The Saturated Fat Concern
Coconut oil is about 82% saturated fat, which is higher than butter. The American Heart Association recommends consuming less than 13 grams of saturated fat per day on a 2,000-calorie diet (less than 6% of total calories). A single tablespoon of coconut oil contains roughly 12 grams of saturated fat, which nearly hits that daily ceiling in one spoonful.

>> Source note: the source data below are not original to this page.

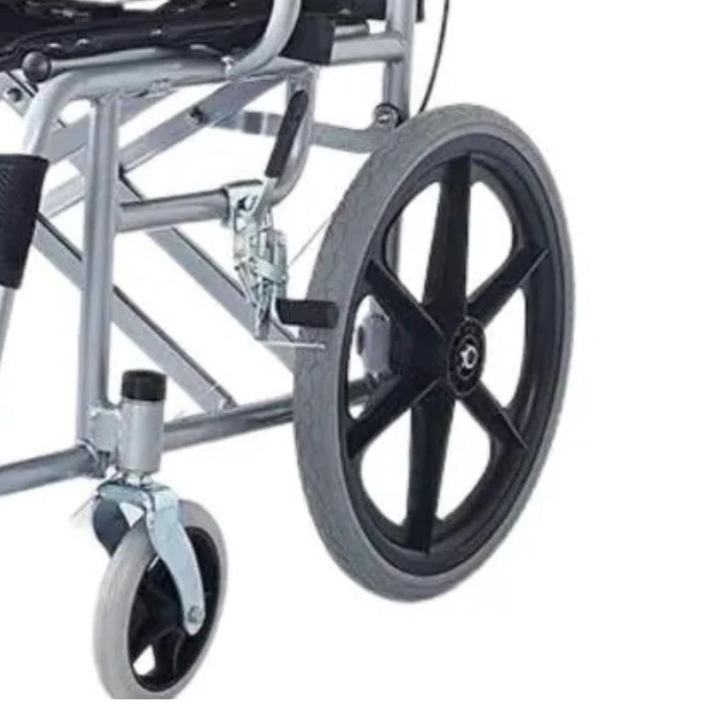 Fabricada con un resistente marco de acero al carbono, soporta hasta 220 libras y está equipada con ruedas traseras sólidas de 16 pulgadas que facilitan el desplazamiento. Para mayor seguridad, incluye frenos traseros y de mano, ofreciendo un control confiable en todo momento. Una opción funcional y duradera para quienes buscan calidad y seguridad en movilidad asistida.
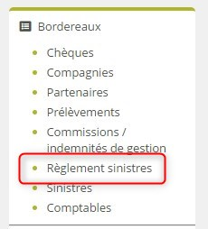 Vous accédez à la gestion des bordereaux de règlements de sinistres depuis le menu de gauche :
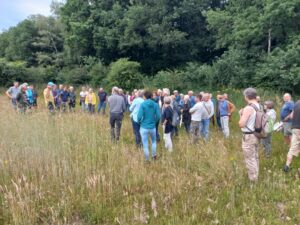 Op de avond van de langste dag van het jaar kwamen 50 belangstellenden naar de Waldboeren. We maakten een wandeling door de bloemrijke graslanden en langs kruidenrijke akkers en houtwallen. Vijf natuurkenners speurden met de deelnemers naar plantensoorten, bijzondere insecten en vogels. We stelden met elkaar vast dat de soortenrijkdom hoog is door natuurlijk beheer en de grote afwisseling van grasland, akker, houtwallen en bosranden.
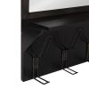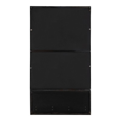 This framed mirror combines industrial chic home decor with functionality. Hang this mirror in your entryway for one last look out the door and to hold your keys, hooks, mail, or anything you need to remember as you leave the house. You can also hang this mirror in a bathroom and use the shelf for your make up our toiletries and the hooks for towels. This framed mirror is constructed of metal with a distressed black finish and has a 20 inch by 4.5 inch solid wood shelf. This mirror arrives completely assembled and ready for use. Two metal keyhole hangers are built into the back of the frame for easy and secure wall display. The outer dimensions measure 20 inches across and 36.5 inches high with a depth of 5.5 inches from the wall. The mirror surface is 18.5 inches wide by 27.5 inches high. The four hooks are spaced 5 inches apart from each other. This multi-functional wall hanging wall mirror is the perfect tool to organize to your home, kitchen, or entryway.
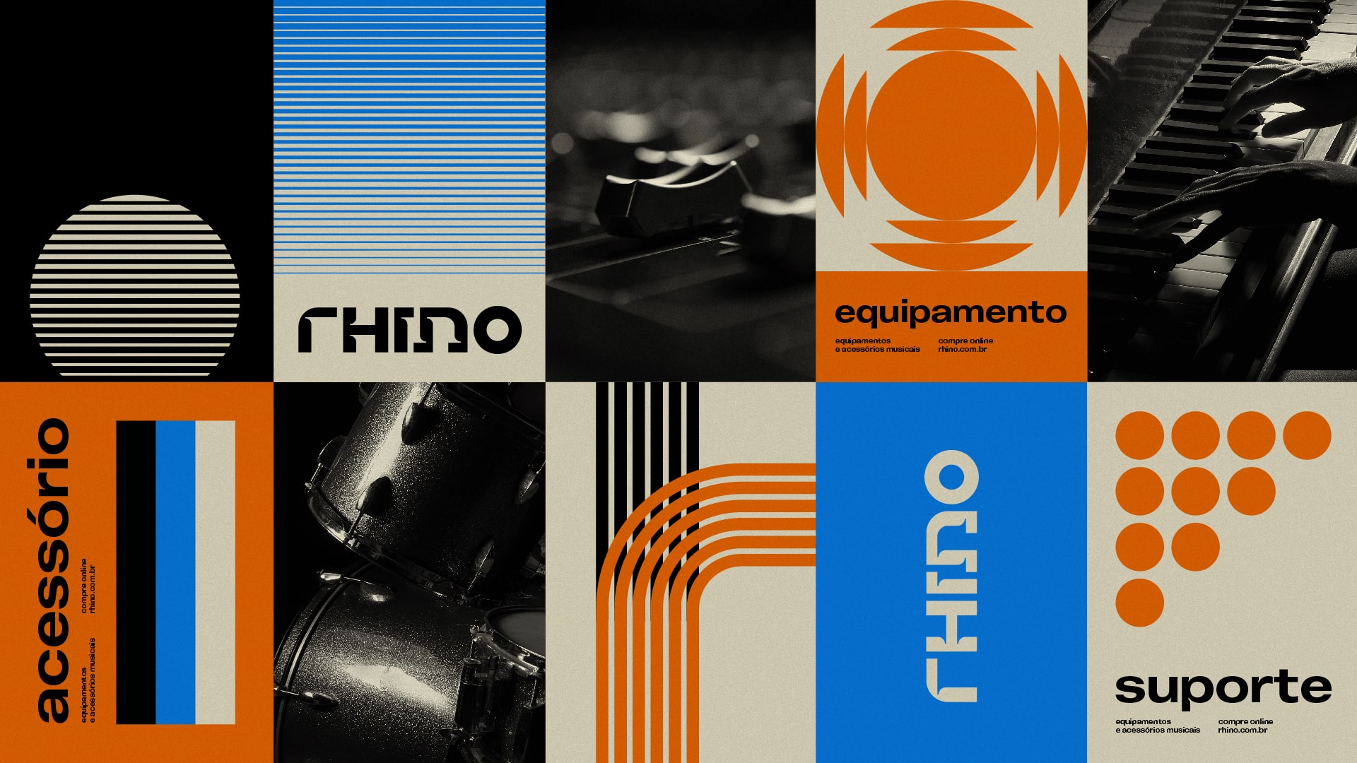 品牌形象设计来自音量的经典图形表示(粗线和细线,渐进),以及连续线和椭圆(指弦乐器),这些元素构成了Rhino的外观,融合了现代和当代美学,拯救了过去几十年音乐相关产品包装的部分外观。标识设计元素的部分阐述还试图传达“联系”和“适合”的理念,这也是Rhino产品的基本属性。另一个细节是,一些线条构成了品牌名称的首字母“r”。最终结果是一个永恒的标志设计,它将音乐世界与品牌产品的耐用性和稳健性结合在一起。
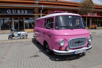 Kevés feltűnőbb jelenség létezett tegnap az egész parkolóban ennél az atom rózsaszín Barkasnál, a háttérben egy Vespához képest egészen szürke és kissé csúnyácska darab tompította a vizuális sokkot
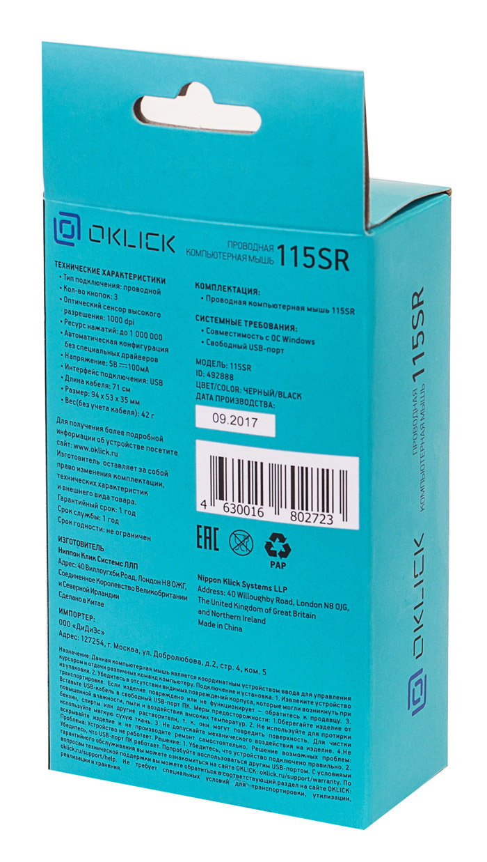 Выбрать товарыМышь OKLICK - 115SR, Проводная, USB, Optical, 3 btns, цвет чёрный, 492888
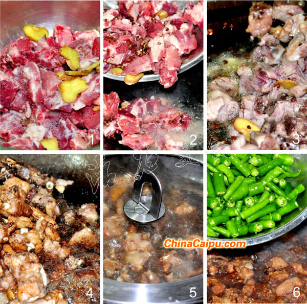 2.油燒至5成,加入排骨煸炒。
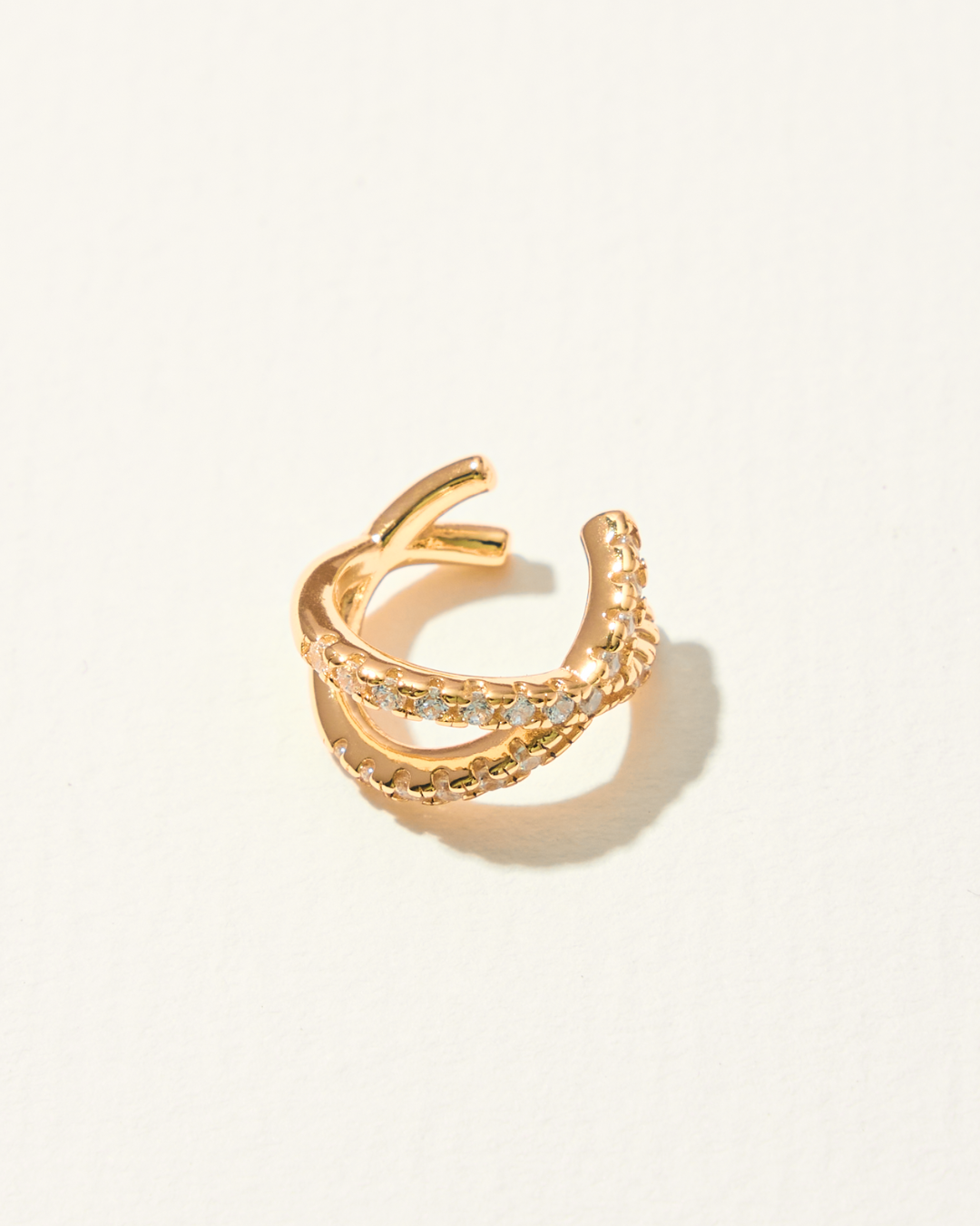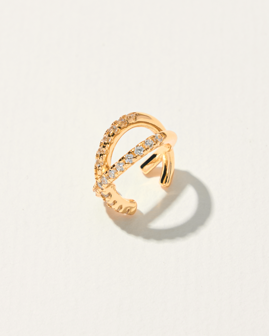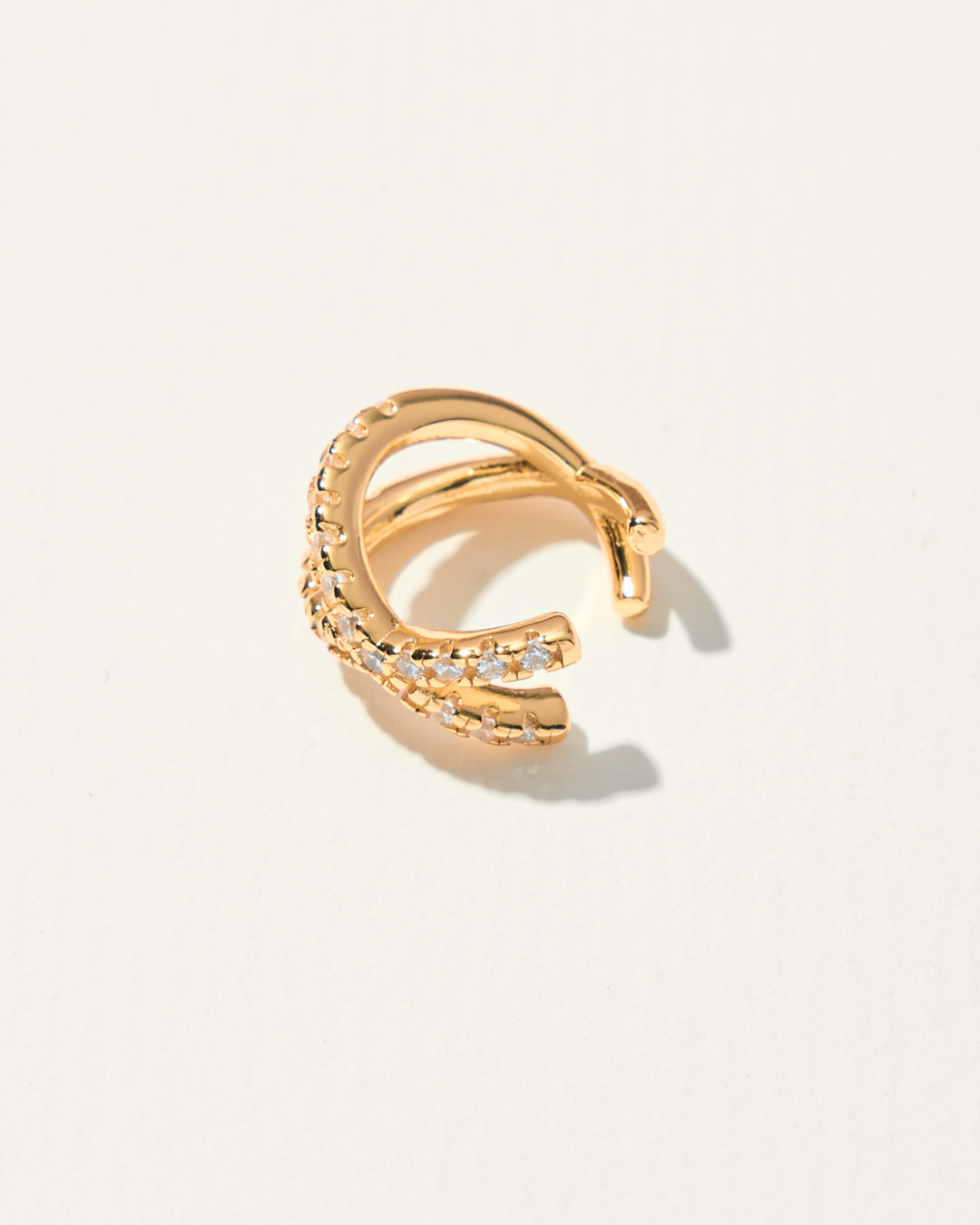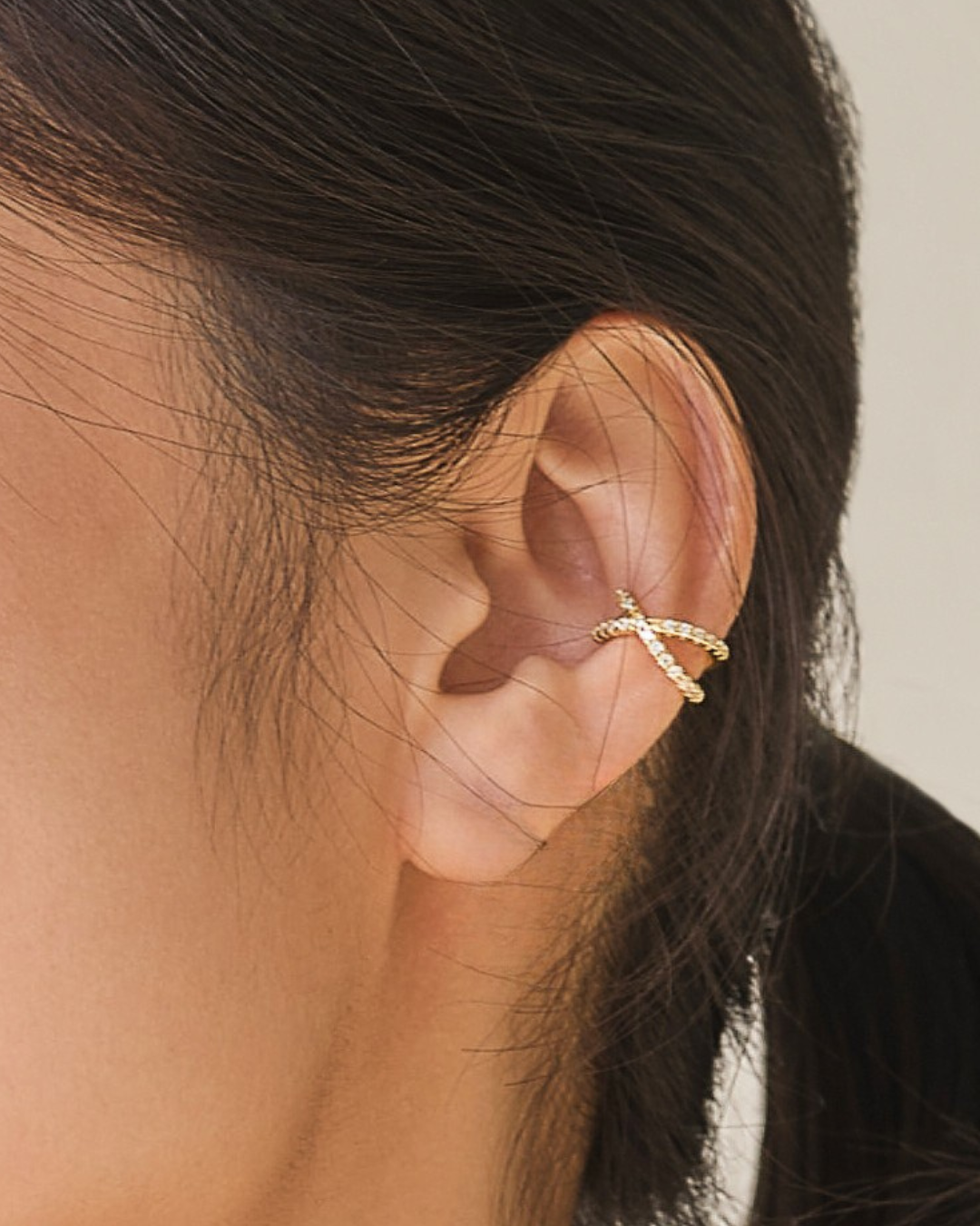 - Design: A bold ear cuff (no piercing needed) with a surface fully paved with sparkling stones.
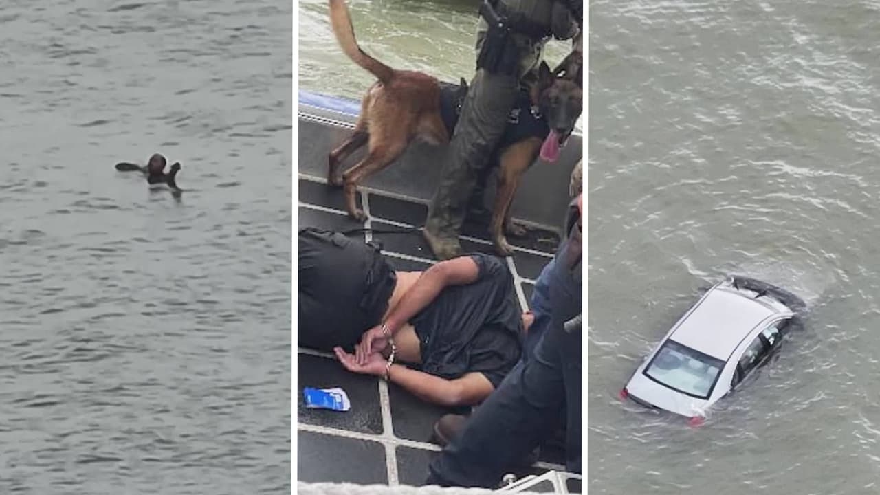 El sospechoso habría conducido desde el suroeste de Houston hasta Galveston y fue arrestado tras una persecución policial. El sujeto llegó a una calle sin salida y terminó cayendo al mar con el auto, además, recibió algunas mordeduras de un oficial canino, por lo que fue llevado al hospital. La identidad del detenido es desconocida y en el auto no se encontraron armas, pero un equipo de buzos está tratando de localizar cualquier evidencia.
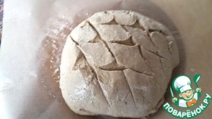На пекарской бумаге ( мою ничем смазывать не надо, если сомневаетесь в своей - смажьте маслом и посыпьте отрубями ) мокрыми руками формуем буханку, делаем на ней несколько продольных надрезов крест накрест острым ножом и даем расстояться под полотенцем минут 30. Духовку разогеваем до 230°С. На дно духовки ставим пустой противень.
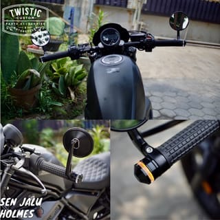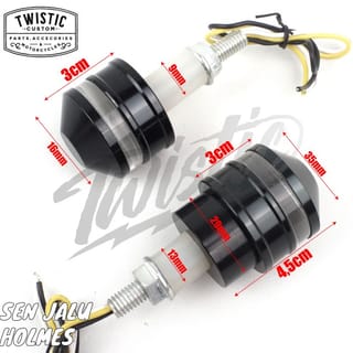 Male Male LED Turn Signal Lights Holmes ALUMINUM material is heat resistant, durable and WATERPROOF, do not be confused with PLASTIC material which melts quickly due to heat and does not last. There are 2 variants: 1. Male penny with male mirror mount 2. Plain male penny without male mirror mount Choose a rearview mirror mount variant if you want to use a male rearview mirror Imported goods, GUARANTEED QUALITY is different from local goods. Price for a pair (2 pcs) Suitable for custom, classic, japstyle, scrambler, caferacer motorcycles on Kawasaki, Honda, Yamaha, Harley, Triumph, Benelli, and all kinds of custom motorcycles. Specifications - Material: Aluminum(6061-T6) Body + High transmittance lens + Waterproof LED - Body Color: Black - Lens Color: Clear - Voltage: DC 12V - Waterproof Rate: IP 67 - Luminous Flow: 300LM - Life span: 33000 hours - Cable Length: +- 30CM (11.8") - Cables: 3 (Mass, Yellow Cent and White Twilight) - For handlebars with a diameter of 22mm Fittings in the Box: 1. 2 pcs Male Penny Lamp FOR ELECTRONIC ITEMS SUCH AS HEADLAMPS, PENNY STOPLAMPS, FOGLAMPS, DAYMAKERS ETC IT IS REQUIRED TO RECORD TEST VIDEOS WITHOUT PAUSE USING 12V BATTERY We do not accept any complaints about items that have been installed / connected to the motor body cable or the condition has been installed on the motorcycle and Order / Transaction status completed. We have checked the goods before they are sent, if they are still returned, we will appeal by attaching proof of checking the goods on CCTV.

This matters for people with arthritis because cardiovascular disease risk is already elevated in those with rheumatoid arthritis, and chronic inflammation itself contributes to heart problems. Adding large amounts of saturated fat to manage joint pain could create a tradeoff that works against your overall health. If you choose to use coconut oil, keeping it to small amounts is important.
Rubbing It on Your Joints
Many people searching this topic want to know about massaging coconut oil directly onto sore joints. Virgin coconut oil does have documented skin-protective properties, and the massage itself can temporarily improve circulation and ease stiffness. However, there’s no evidence that coconut oil’s active compounds penetrate the skin deeply enough to reach joint tissue. Any relief from topical application likely comes from the warmth and pressure of the massage, the moisturizing effect on dry skin, or a placebo response. These aren’t bad things, but they aren’t treating the underlying arthritis.
Putting It in Perspective
Coconut oil contains compounds with real anti-inflammatory properties in controlled settings. But “anti-inflammatory in a petri dish” and “reduces arthritis pain in your body” are very different claims. The current evidence isn’t strong enough to recommend coconut oil as an arthritis treatment, and its high saturated fat content means consuming it liberally carries its own risks.
If you enjoy coconut oil in cooking and use it in moderate amounts, it’s unlikely to worsen your arthritis. If you’re looking for dietary changes with stronger evidence behind them, increasing your intake of fatty fish, extra virgin olive oil, and colorful fruits and vegetables will give you more proven anti-inflammatory benefit per calorie.